Prior to the arrival of the competitors, the Site Manager, Chip Hall, and his volunteers laid out the newly zoned club property in a grid of 10' x 12' spaces in which each competitor stowed and rigged his boat. Just prior to the arrival of the crowd on Friday morning, the quiet rigging field, with its numbered signs for each space, slept in a covering of ground fog. Soon, the rigging spaces were filled with enthusiastic boys and girls in wrap around sailing sunglasses and the latest advanced sailing attire, preparing themselves and their boats. Each day, at the launching signal the occupants of the field flowed smoothly down the ramps into Fishing Bay and sailed out the "safety gate" where their numbers were recorded. On the bay, they were surrounded by a fleet of sixteen safety boats, three judge boats, and forty or so parent and spectator boats.
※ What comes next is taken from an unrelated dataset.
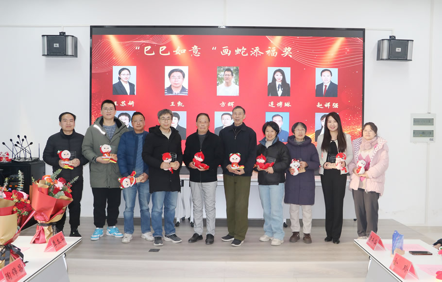 原学院院长季本华,书记陶锦昌、以及退休教师朱新宇为蛇年本命年的10位老师颁发“巳巳如意”画蛇添福奖杯,并送上祝福。老师们纷纷表示这是他们收到过的最特别的新年礼物,感受到来自学院的温暖和关怀,更加期待在新的一年里与学院共同成长。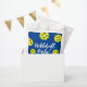 Baloncesto Fiesta de cumpleaños a favor de bolsas para regalos. Diseño divertido con reunión con amigos y familia. Personaliza tu texto. Fondo azul y bolas amarillas. También es ideal para torneos, eventos de club, fiestas de partidos, celebraciones, reuniones, barbacoa, día infantil y más.

On the race course they were overseen by the club's signal boat, "Mr. Roberts," Brent Halsey's trawler "Storm King," Lester Hudgins express cruiser "Chile" and Jeff Baechler's Trojan "Satori." The starting line spectacle is shown in the accompanying photo. At the end of the day, they poured back up the ramps into the rigging field to break down their boats for the night. By late Sunday afternoon, the boats and children were gone, the rigging space markings had been removed, and the newly zoned property was once again a quiet field. David Hazlehurst, the outgoing Commodore of Fishing Bay, expressed his pleasure that the club volunteers, assisted by the Sheriff and the Rescue Squad, had pulled off the regatta without a hitch. Jay Buhl, the club's incoming Commodore, commented that this regatta had set a standard for the future intentions of the Club in fulfilling it's responsibilities to its neighbors, while contributing to the appeal and economy of the community.